Flexibility & community: UPCEA Annual Conference reflections

By Andreina Bloom Parisi-Amon

April 20, 2022

I just returned from the UPCEA Annual Conference in Orlando, FL which brought together thought leaders and practitioners in the field of professional, continuing, and online education. This is the first conference I’ve attended live post-pandemic lockdown; it felt so great to be back in person with an intentional learning community. It was great to hug people I hadn’t seen in years, and connect with new peers through serendipitous encounters, which evolved into shared meals, new learnings, and now, relationships. 

As I’ve settled back into my work-from-home routine, processing the keynotes, sessions, and networking conversations, one phrase continues to resonate loudly in my mind: flexibility with the community. Paul LeBlanc, President at Southern New Hampshire University, said (and I am paraphrasing), “Students want to be in an intentional learning community. They also want flexibility in how they access their learning. We’re never going to see ‘the classroom’ on a list of ‘high impact interventions’ …” The reason this resonates with me is that we shouldn’t unnecessarily couple community and flexibility in limiting ways.

Similar to the (concurrent) “Let’s Not Reomantize 2019 for Online Learning” conversation Phil Hill and Joe Moreau had at OLC Innovate 2022 I found that while there are a few institutions looking back with rose-colored glasses, aiming to “go back to normal, and the way it was,” most sessions were full of caring professionals all asking variations of the same questions: How do we support our (tired) faculty in not just reacting to the situation, but evolving through what we’ve learned?

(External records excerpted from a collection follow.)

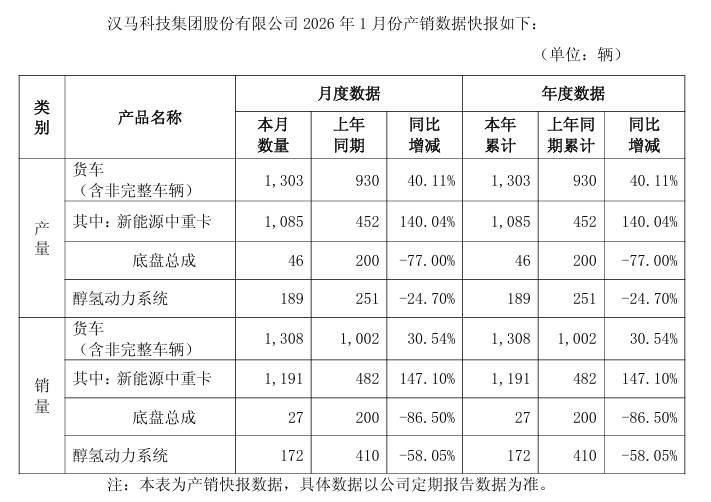 漢馬科技2026年1月:新能源中重卡銷量大增 底盤與醇氫動力系統銷售下滑
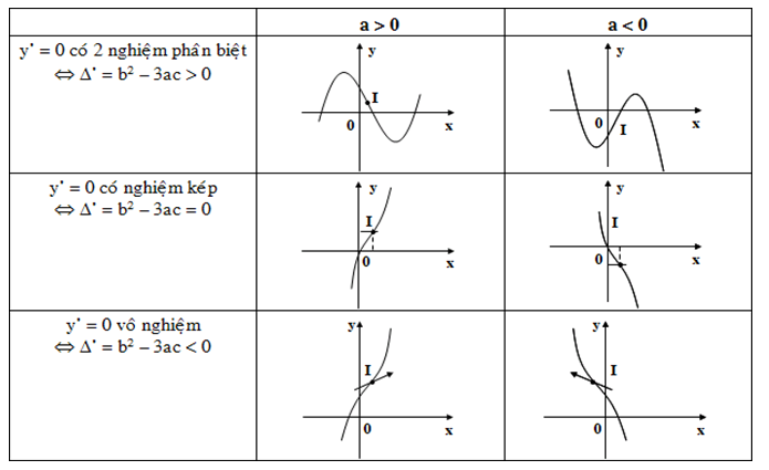 Chú ý dạng của đồ thị hàm số bậc 3 \(y=a{{x}^{3}}+b{{x}^{2}}+cx+d\left( a\ne 0 \right)\)
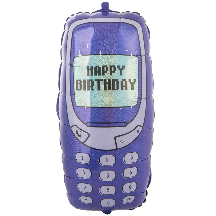 Воздушный фольгированный шар в форме мобильного телефона из 2000х и поздравлением "Happy birthday". Шар поставляется в ненадутом состоянии. Для того, чтобы шар летал, рекомендуем надуть его гелием. Плотно надутый шар запаивать не требуется – шар снабжен клапаном, который хорошо удерживает гелий внутри шара. Надутый гелием шар летает от двух дней. Не забудьте привязать надутый гелием шар лентой к грузику, чтобы он не улетел (гелий, лента и грузик не входят в комплект, а приобретаются отдельно). Шар снабжён красочной упаковкой с изображением товара, что удобно для выкладки в торговом зале магазина. Внимание! Цветовой оттенок шара в действительности может отличаться от представленного на фотографии в зависимости от настроек Вашего монитора.
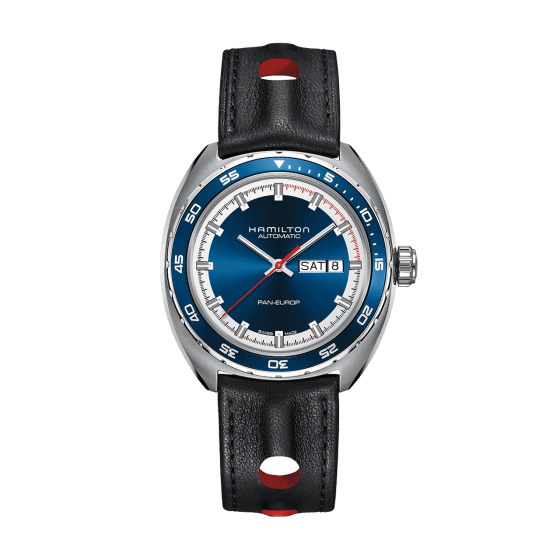 パン ユーロという名を冠しながらも、ハミルトンのルーツであるアメリカンスピリットが息づくクラシカルな佇まい。現代的なスタイルに80時間の標準持続時間を備えた自動巻きムーブメントは止まることなく歩み続けます。視認性の高いデイデイト表示も兼ね備え、落ち着きがありクラシカルなデザイン。NATOストラップまたはレザーストラップを選ぶことができます。
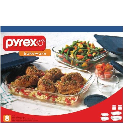 - 8-pc Bakeware Set includes one each: 3-qt Oblong Baking Dish, 8 Square; two each: 1-cup Round
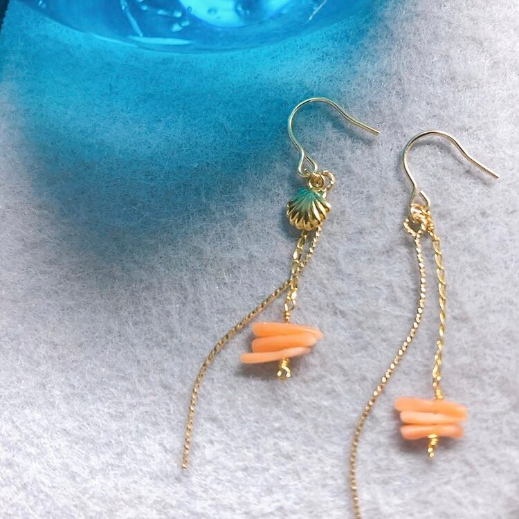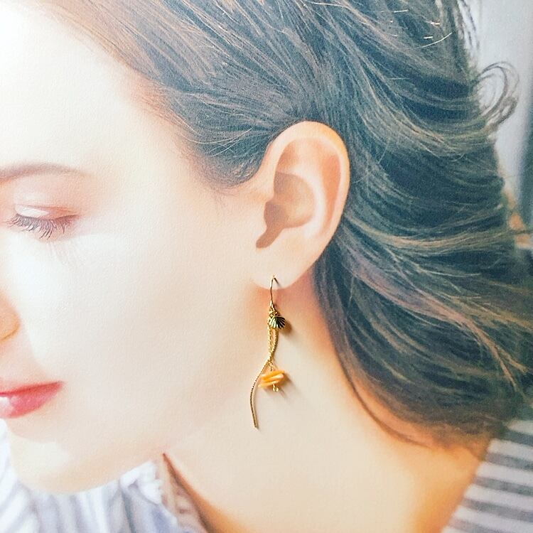 シェルの小さなチャームが揺れる海のピアスです
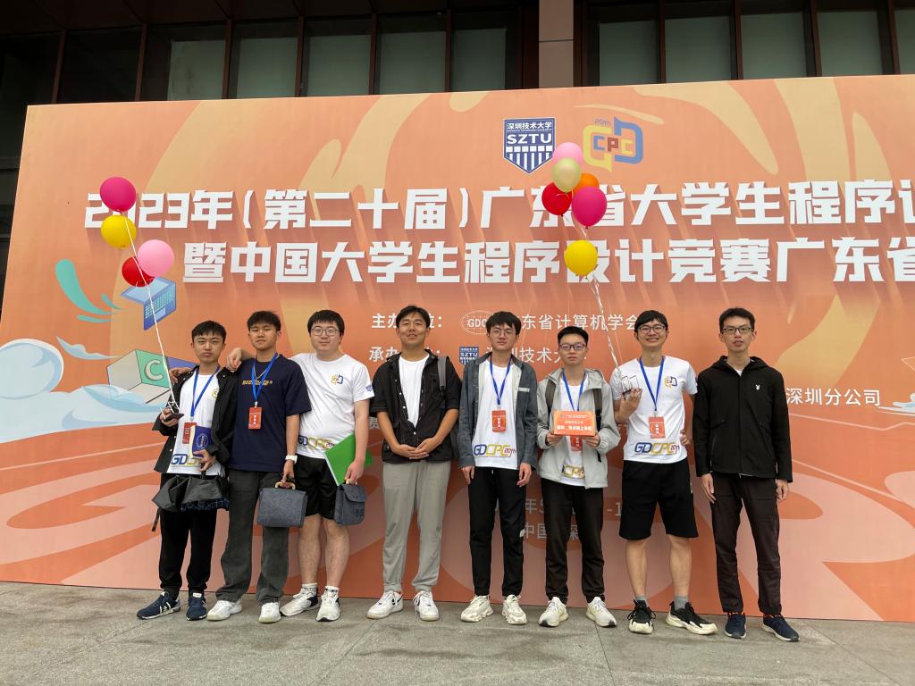 2023年5月13-14日,由广东省计算机学会主办,深圳技术大学承办的“第二十届广东省大学生程序设计竞赛暨中国大学生程序设计竞赛广东省赛(GDCPC)”在深圳技术大学隆重举办。此次比赛,吸引了来自中山大学、华南理工大学、哈尔滨工业大学(深圳)、香港中文大学(深圳)、武汉大学、华中科技大学、厦门大学、山东大学、同济大学等50多所高校242支队伍参赛。在5个小时的比赛中,各参赛队伍围绕13道题目展开角逐,每支队伍只使用一台电脑,充分考验了队员们的思维能力、编程能力和团队协作能力。我院共派出3只队伍参赛,队员们通力合作、顽强拼搏,最终斩获一银一铜。
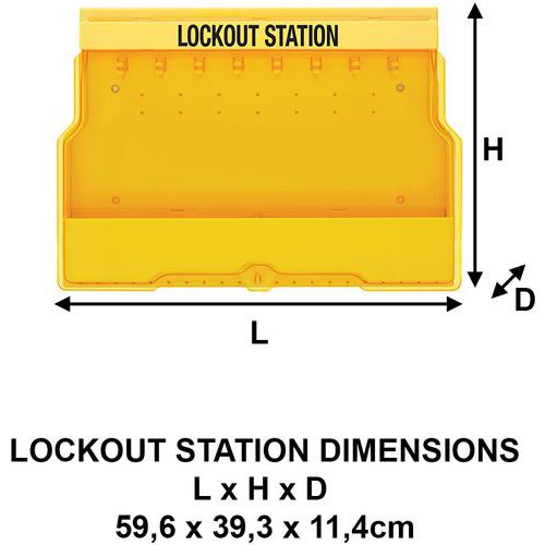 Lockoutstation, Breedte opening: 596 mm, Kleur: Geel, Aantal stuks: 1, Materiaal: Polycarbonaat

How do we create an evolving learning environment to meet our students where they are, and where they will be? 

I’d like to think it’s an easy solve, but I know it’s not. What follows are the top three needs I took away from conversations last week, towards the goal of designing an agile, flexible learning experience both instructors and learners deserve.

      1. Courage. It’s time to reimagine our use of physical spaces. So much has been invested on many of our campuses to create space where people want to gather, where they palpably see and feel their belonging. This is still critical, and perhaps even more so than before, as the loneliness sparked by the last two years has highlighted. Let's remember those who experience intermittent isolation even outside of a pandemic. How do we reimagine how and when these spaces are used? Do we all need to be on campus every day? How much time and how do we spend that time together to create relationships that can be strengthened by connecting online without time constraints? 

      2. Integration and infrastructure across solutions. The most thoughtful teaching and learning experts I spoke with are carefully vetting potential technologies, so faculty don’t have to. They’re thinking not only about its particular use, but how it connects with their current and future systems, and how they will support faculty in adoption and mastery development. Institutional communities that come together to develop the best way to support their learners, which will be different for each institution, are able to more efficiently and effectively adopt (or reject) and benefit from new technologies, structures, and processes. 

      3. Technology that develops alongside you. Live online. Hybrid. Asynch. Each institution is at a different place in terms of where they are today, where they want to go, and the path and timeline they will take. Instead of one size fits all, it’s what fits today, and their vision of growth. For many, this is a current move from emergency remote teaching to intentional online learning in their current live synchronous options, building community in the classroom but not only in the physical classroom. This is also an eye to expanded hybrid and hyflex options, as well as building and updating asynchronous and self-paced offerings to meaningfully serve learners across the spectrum of flexibility -- without defaulting to flexible = alone.

      4. Bonus. When you have to mask, make it match. IYKYK ;)

Thank you to the entire UPCEA community for a week of learning and connection. I’m excited to build the future with you; one in which learners learn with and through their peers, with flexibility and inclusivity for schedule, geography, and changing personal needs.